Labor, critical thinking and migration

Summary

I am frustrated by the failure of the Labour Party to think critically, particularly on the refugee crisis and the small boat issue. Critical thinking is questioning and evaluating information to make reliable judgements. Labour has not achieved this in a long way.

Last Friday I spoke extensively about how we can get accounting students to think critically, while many others prefer not to do so.

I feel much the same about Labour. There is no sign that any of them can think critically.

I should probably define what I mean by critical thinking. I could offer my version, or one from another source. I found this from Monash University, and I like it:

Critical thinking is a form of thinking in which you question, analyze, interpret, evaluate, and make judgments about what you read, hear, say, or write. The term critical comes from the Greek word kritikos, which means “to judge or discern.” Good critical thinking is about making reliable judgments based on reliable information.

I also like this interpretation of what it means:

Therefore, to become a better critical thinker, you must learn the following:

  • clarify your thinking purpose and context

  • Question your sources of information

  • identify arguments

  • analyze sources and arguments

  • evaluate the arguments of others and

  • create or synthesize your own arguments.

It’s a relatively rare skill, because it requires the ability to observe carefully, ask what question is being asked, evaluate relevant data and its reliability and quality, consider alternatives, and then generate new ideas, which I prefer to consider better solutions. I’d like to think that’s what I’ve done in my career, and because I have, I know it’s certainly not easy.

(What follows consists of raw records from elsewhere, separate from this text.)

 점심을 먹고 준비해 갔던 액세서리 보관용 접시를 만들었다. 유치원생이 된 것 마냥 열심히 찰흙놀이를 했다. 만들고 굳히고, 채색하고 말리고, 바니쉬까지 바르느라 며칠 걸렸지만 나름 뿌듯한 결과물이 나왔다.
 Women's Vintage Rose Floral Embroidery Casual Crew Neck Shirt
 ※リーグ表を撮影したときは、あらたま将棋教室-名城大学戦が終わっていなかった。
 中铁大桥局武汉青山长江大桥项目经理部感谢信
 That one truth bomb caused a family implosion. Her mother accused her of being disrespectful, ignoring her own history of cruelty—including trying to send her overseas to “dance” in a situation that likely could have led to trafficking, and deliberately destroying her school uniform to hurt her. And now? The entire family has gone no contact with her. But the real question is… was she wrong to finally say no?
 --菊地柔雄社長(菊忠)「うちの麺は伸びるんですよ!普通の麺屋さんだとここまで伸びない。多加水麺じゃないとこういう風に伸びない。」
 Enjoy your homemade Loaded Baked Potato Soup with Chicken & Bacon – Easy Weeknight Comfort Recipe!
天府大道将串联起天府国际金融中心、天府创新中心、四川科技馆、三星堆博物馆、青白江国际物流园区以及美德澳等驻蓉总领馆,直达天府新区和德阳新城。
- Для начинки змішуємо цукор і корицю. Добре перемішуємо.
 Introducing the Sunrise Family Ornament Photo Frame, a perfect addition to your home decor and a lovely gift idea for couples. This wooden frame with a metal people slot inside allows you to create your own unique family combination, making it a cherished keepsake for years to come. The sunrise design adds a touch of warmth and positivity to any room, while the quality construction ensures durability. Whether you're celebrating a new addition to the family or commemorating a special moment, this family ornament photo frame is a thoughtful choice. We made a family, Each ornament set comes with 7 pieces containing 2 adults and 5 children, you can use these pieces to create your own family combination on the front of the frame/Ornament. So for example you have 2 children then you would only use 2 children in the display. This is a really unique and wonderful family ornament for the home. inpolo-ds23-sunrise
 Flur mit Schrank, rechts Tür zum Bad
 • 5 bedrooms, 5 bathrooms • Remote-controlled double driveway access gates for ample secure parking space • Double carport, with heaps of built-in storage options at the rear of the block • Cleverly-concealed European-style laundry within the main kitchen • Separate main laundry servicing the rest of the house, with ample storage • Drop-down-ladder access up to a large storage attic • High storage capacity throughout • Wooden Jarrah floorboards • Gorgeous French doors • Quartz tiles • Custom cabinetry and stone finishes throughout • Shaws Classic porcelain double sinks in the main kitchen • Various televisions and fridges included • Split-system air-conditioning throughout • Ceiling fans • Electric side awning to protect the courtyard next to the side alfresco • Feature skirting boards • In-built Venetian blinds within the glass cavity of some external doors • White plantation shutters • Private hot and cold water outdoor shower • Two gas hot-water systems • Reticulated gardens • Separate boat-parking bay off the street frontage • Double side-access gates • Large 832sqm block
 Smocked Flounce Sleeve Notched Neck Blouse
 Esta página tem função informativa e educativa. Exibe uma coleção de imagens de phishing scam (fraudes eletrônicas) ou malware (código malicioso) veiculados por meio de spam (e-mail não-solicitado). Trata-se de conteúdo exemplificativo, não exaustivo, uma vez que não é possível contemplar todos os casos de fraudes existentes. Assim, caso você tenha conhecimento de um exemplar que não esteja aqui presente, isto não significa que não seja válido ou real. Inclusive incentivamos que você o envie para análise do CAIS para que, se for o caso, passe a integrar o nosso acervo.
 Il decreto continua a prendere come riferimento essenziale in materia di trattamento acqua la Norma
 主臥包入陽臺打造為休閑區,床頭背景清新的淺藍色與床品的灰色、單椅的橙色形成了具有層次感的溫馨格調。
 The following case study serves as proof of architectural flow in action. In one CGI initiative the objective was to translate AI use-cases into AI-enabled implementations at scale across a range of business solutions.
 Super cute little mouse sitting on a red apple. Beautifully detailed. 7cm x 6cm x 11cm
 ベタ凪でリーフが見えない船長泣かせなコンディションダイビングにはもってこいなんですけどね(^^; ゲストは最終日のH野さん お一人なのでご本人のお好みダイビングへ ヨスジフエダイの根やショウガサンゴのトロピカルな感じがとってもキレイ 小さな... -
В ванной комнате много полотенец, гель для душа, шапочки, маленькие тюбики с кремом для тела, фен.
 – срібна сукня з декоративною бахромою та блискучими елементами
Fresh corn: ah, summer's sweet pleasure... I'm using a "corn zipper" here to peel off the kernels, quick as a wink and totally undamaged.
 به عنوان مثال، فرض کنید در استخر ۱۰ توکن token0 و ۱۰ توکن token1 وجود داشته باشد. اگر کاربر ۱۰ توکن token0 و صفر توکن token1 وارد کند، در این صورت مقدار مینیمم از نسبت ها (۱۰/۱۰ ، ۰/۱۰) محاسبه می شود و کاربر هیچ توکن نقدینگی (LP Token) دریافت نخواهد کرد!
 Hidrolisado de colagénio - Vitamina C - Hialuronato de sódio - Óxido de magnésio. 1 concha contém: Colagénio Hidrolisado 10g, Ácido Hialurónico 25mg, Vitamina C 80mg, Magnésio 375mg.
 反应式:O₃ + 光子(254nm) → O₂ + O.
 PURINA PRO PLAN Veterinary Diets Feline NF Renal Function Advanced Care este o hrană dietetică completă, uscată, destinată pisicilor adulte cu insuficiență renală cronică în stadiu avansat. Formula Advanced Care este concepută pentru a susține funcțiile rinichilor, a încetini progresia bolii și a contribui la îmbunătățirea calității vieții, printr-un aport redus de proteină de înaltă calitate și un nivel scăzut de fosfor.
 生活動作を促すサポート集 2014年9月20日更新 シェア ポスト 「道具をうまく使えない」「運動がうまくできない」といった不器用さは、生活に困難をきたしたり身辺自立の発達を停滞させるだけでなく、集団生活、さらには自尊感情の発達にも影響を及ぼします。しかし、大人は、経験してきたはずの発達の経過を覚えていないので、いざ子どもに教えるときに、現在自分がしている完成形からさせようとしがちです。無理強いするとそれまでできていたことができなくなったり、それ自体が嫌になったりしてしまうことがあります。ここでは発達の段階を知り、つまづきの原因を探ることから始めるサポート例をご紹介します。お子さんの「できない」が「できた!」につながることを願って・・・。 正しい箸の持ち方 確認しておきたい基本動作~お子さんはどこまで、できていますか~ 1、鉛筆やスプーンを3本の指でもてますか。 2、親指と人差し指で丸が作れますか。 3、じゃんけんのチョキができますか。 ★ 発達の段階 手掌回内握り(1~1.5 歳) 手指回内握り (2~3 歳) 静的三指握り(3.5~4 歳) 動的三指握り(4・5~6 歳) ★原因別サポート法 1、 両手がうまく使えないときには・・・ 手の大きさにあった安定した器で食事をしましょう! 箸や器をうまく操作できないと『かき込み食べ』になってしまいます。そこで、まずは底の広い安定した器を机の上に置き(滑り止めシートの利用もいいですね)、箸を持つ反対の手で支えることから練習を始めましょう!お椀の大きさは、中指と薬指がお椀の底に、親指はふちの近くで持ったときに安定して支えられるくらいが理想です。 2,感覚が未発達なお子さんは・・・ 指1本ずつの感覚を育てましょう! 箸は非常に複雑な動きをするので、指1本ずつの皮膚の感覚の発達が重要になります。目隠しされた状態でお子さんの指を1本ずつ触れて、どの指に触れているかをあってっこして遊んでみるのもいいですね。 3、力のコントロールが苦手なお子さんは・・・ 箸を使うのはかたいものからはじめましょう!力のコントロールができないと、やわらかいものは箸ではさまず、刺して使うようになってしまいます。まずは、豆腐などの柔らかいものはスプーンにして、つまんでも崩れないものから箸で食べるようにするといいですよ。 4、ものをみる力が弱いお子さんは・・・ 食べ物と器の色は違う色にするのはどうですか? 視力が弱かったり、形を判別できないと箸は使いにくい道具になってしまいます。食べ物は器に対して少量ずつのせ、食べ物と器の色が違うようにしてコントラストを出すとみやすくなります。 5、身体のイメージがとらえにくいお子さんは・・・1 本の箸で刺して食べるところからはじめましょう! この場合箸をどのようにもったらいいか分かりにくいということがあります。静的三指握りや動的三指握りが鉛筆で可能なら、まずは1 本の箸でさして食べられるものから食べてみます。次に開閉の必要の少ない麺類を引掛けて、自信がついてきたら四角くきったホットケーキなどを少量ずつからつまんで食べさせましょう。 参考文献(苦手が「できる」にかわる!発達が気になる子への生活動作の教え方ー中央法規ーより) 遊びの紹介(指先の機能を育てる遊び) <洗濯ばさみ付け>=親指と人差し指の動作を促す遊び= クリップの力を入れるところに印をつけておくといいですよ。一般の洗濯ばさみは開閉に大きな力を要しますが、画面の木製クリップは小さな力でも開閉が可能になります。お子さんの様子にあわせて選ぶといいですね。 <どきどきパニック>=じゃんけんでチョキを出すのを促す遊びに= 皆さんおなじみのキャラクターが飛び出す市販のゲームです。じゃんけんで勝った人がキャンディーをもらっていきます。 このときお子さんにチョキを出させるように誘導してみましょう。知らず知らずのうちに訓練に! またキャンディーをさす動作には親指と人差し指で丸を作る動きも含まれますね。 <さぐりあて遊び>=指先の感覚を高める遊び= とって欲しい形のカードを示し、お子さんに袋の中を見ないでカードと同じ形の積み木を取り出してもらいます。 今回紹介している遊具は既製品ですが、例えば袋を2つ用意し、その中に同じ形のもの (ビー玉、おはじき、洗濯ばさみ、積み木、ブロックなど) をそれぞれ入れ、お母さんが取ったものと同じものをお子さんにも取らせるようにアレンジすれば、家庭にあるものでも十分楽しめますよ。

So why am I critical of Labour? Let me use an example, namely the so-called small boats problem, which is itself part of the supposed problem of managing the perfectly legitimate right of people to claim asylum in the UK.

The context is simple. In a world in turmoil, people fleeing from war and persecution have the internationally recognized right to seek asylum wherever they choose. There is no evidence that they should seek asylum in the first country they reach: the choice is theirs.

The UK takes in only a small number of refugees compared to its European neighbours and many other countries, even though it accepts large numbers of non-refugees.

The UK is very clearly, and almost certainly unethically, using the physical barrier of the English Channel in an attempt to prevent access to the UK refugee system. Whether it has the legal right to do so is questionable. Other European countries have shown little sympathy for it.

The result was always predictable: those who want to seek refuge in a country where they speak the language take the risk of arriving here in small boats. European countries make at best half-hearted attempts to stop them.

British politicians claim that those who cross the Channel in this way are illegal migrants. There is considerable doubt about the validity of that claim. It simply seems wrong. No refugee can be described in that way. The law does not allow it.

So now we have a problem that is not properly formulated in international law (there are no illegal migrants) and to which a potentially illegal but pragmatic response has been given – which amounts to raising the drawbridge – without ever considering that the moat could easily be crossed. This exposes all the falsehoods in the arguments put forward and seems, at best, to disengage the politicians who made the claims.

The UK’s arguments, in other words, have failed. And so has the practice. Nothing the current administration can say or do can stop the boats arriving here, full of people with a legal right to have their cases heard. And that fact is well known to our neighbours.

What is the alternative argument? It is to comply with the law. That is, we can provide a safe route for those who want to come to the UK, where their case can be heard. In other words, and there is no way around this, we can give those who want to come here tickets to do so, not least because we know that most who come that far have a legal right to stay.

Therefore, we could also invest in processing the applications of these refugees as quickly as possible and ensure that those who have the right to stay can be helped into productive employment as quickly as possible.

This would significantly reduce the cost of the whole process.

It would also exploit the competitive advantage that refugees have always brought to the UK, as they are typically highly educated, productive, innovative and keen to integrate into our communities. What’s not to like?

At the same time, make this decision-making process fast and it might be possible to have other, neighboring countries, host it. If not, why would they?

So instead of treating this as a problem, it could be framed as an obligation to be fulfilled for the best benefit of all, with profits to be made, costs to be saved, and international relations to be improved. And no, a flood of applications will not happen: applicants still have to overcome enormous obstacles to get here, and no one wants to be a refugee.

What all this suggests is that if Labour had properly assessed the evidence and the inevitability of the situation it faced, it could have rejected the Conservatives’ policy entirely and announced new approaches that would stop the boats, end the actions of criminal gangs, vastly reduce costs, be humane, accept international legal obligations and turn the situation to its advantage.

But it seems that no one in Labour could solve this. That is quite depressing.

What we have here is Labour using the same false and failed rhetoric on this issue as the Tories before them, with all the hints of racism inherent in it, and the equally stupid claim that they will stop the smuggling gangs, which is about as likely as they can stop the flood.

In other words, precisely because Labour cannot think critically, or is too afraid to do so, and regardless of what it is, it has created a problem for itself that it will never solve. At the same time, it is playing to those who want to create artificial divisions in British society, when new narratives are needed.

If you can’t think critically, you’ll pay a high price.